Introduction to the Cultural Revolution in the People’s Republic of China

Presentation by the author, November 26, 2016.

This book, which I named “Introduction to the Cultural Revolution in the People’s Republic of China: Economic, Social and Political Aspects” reproduces the basic text of the master class given by the author on 19 November, 2016, for the graduate programmes of the Pontifícia Universidade Católica of Sao Paulo (PUC – SP), in the fields of economics, history and social sciences, agglutinated in the Centre for Analysis of the International Environment (NACI), chaired by PhD, Professor Regina Gadelha. As the title makes very clear, the work is just an introduction to a highly complex historical process, which would merit an analysis of larger breath, but it would be beyond the means of a simple master class.

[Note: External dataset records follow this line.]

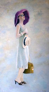Mujer con sombrero. Óleo / tabla. 68 x 37
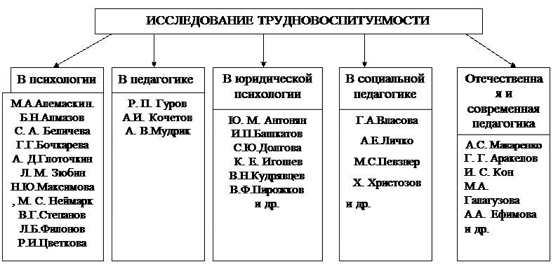 · В социальной педагогике: Г.А.Власова, В.Л.Гиндинкин, А.Е.Личко. М.С.Певзнер, Х. Христозов. (Схема №1)
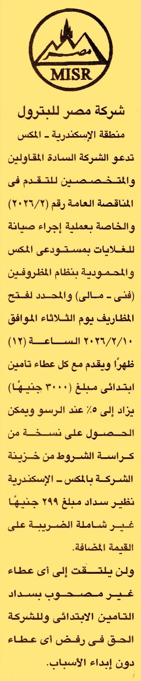 HOT Information مناقصة عامة رقم 2/2026 لعملية تنفيذ أعمال صيانة للغلايات بمستودعي المكس والمحمودية (للشركة الحق في رفض أي عطاء بدون إبداء الأسباب) عن جريدة الجمهورية Post navigation جهاز تنمية مدينة 6 أكتوبر الإدارة العامة لصرف جنوب الجيزة
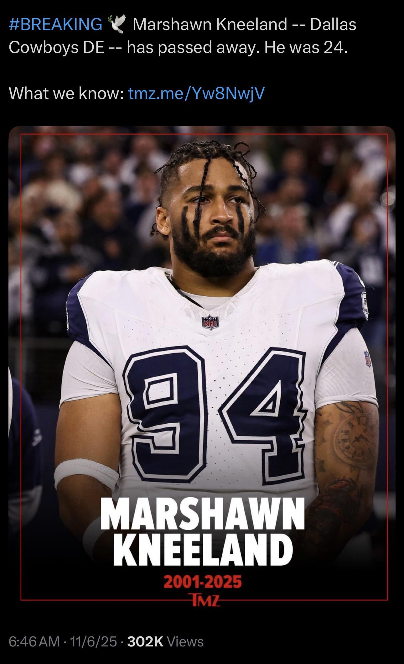 Hate the cowboys, not the players. Such a tragic loss, 2nd round pick, 24 years old, just scored a TD on Monday, must have felt like a million bucks. May his soul rest in peace and prayers to his loved ones.
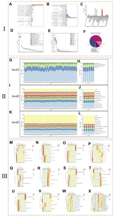 圖5.宏基因組測(cè)序結(jié)果。 (Ⅰ:功能注釋分析。Ⅱ:KEGG通路組成和豐度直方圖。Ⅲ:metagenomeSeq差異通路豐度熱圖)。
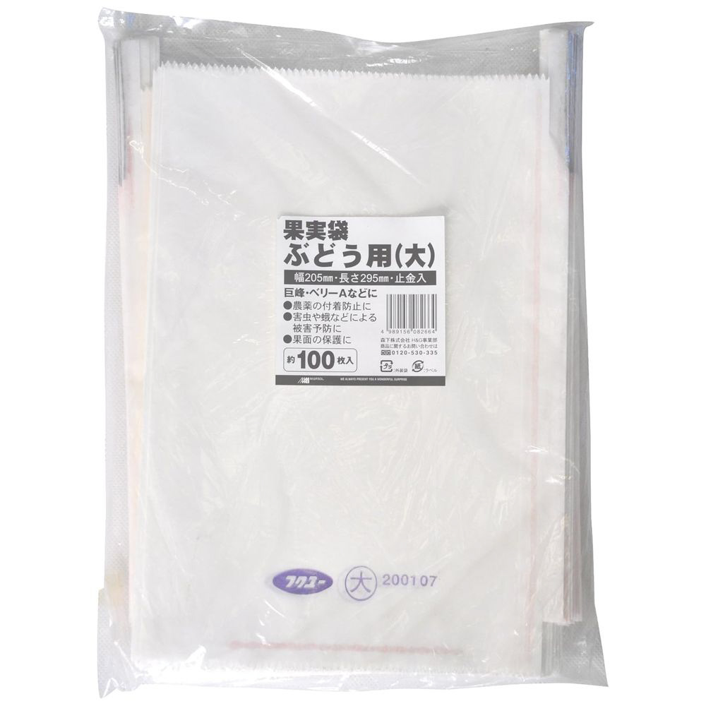 果実袋・ぶどう用・100枚入です。【用途】果面の保護、防虫・防鳥、農薬の付着防止用。【機能・特徴】果実袋ぶどう用です。止金入りです。大サイズです。

The Great Proletarian Cultural Revolution launched by Mao Zedong in mid-1966 represented the consequence of internal struggles within the Chinese Communist Party, caused by economic difficulties in the early years of the People’s Republic of China. Its first government, which was founded in 1949, after 100 years of imperialist neo-colonialism and 22 years of war, including the Second World War, with the disastrous Japanese occupation and the Civil War, sought through various economic policies – including the so-called “Great Leap Forward”, to promote quick development.

However, several factors, such as the outbreak of the Korean War in 1950, in which the People’s Republic of China was involved and lasted until 1953, as well as the lack of external financing sources to the Chinese industrial development process, added to senseless formulations and reckless choices, led to a serious economic crisis, which brought hunger, misery, and, naturally, political conflict.
Cornered by his political opponents, Mao Zedong launched the Cultural Revolution, inverting the social pyramid to deliberately create the widespread chaos in the country through the so-called “Red Terror”, which lasted no less than about 10 years and brought great suffering to the Chinese people. To invert the social pyramid, Mao rejected the traditional teachings of the great philosopher Confucius, which were established in the Chinese ethos, the Constitution of the Republic of China, recently adopted, as well as in his own previous writings, including some of those transcribed in the famous “Red Book”.

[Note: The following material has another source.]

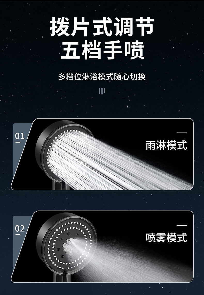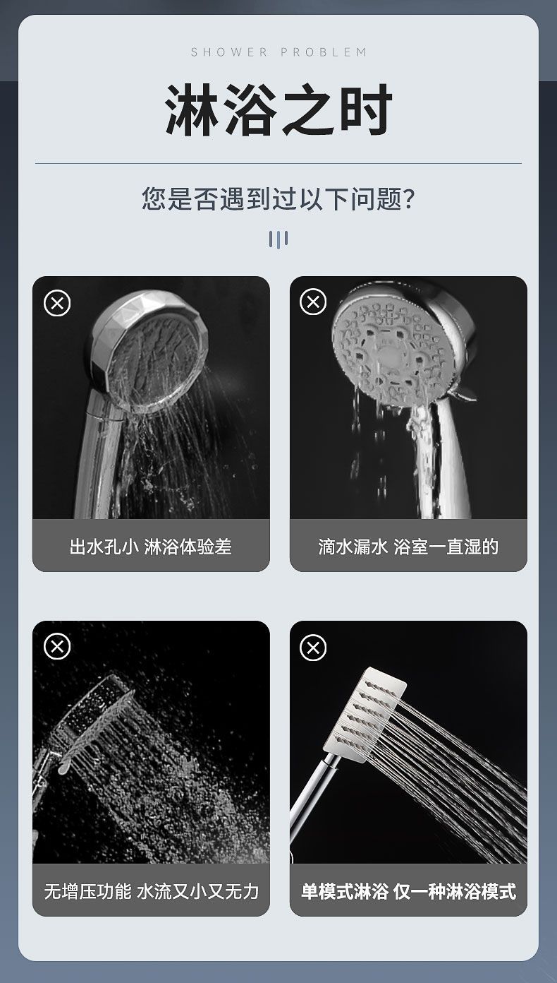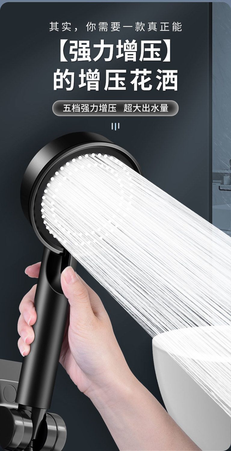 【好用不贵❗️五档强劲增压花洒】自洁硅胶水孔防堵,加厚耐摔材质,强劲增压无惧低水压,五档调节满足不同需求,四分通用,安装简单,新旧浴室通用,淋浴喷头五档出水软管支架增压沐浴花洒L
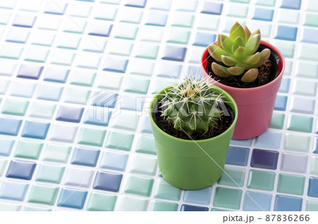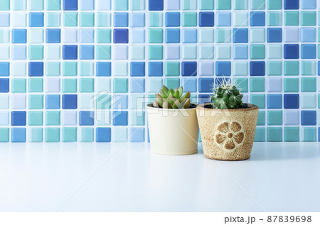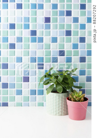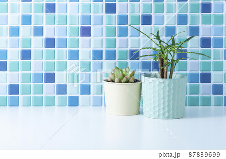 ブルーのタイルと観葉植物

This book describes the events of that period and how they resulted, in a typical dialectical process, in the various reforms put forward by Deng Xiaoping and his successors, and that resulted in huge economic and social advancement of the People’s Republic of China, in order to make it the second largest economy in the world, biased to be the first, in the near future, when it surpasses that of the United States of America.
Indeed, already in 1984, the mixed system of state planning and market economy was introduced, which exists until today, although in a much more advanced formatting. Shortly thereafter, China formalized its request for accession to the multilateral trading system, then under the General Agreement on Tariffs and Trade, GATT. In the long process of entry, which lasted 15 years, the country changed no less than 9,000 laws and regulations to introduce a “market socialist” economy.

The book is dedicated to the blessed memory of Professor Paul Edgar de Almeida Resende, from the Law School of Pontifícia Universidade Católica of Sao Paulo, one of the founders of NACI and a great champion of the best humanistic values, even during the dark years of the Brazilian military dictatorship, when bravely illuminated, with his knowledge, the path to be taken by citizens and by good women and men.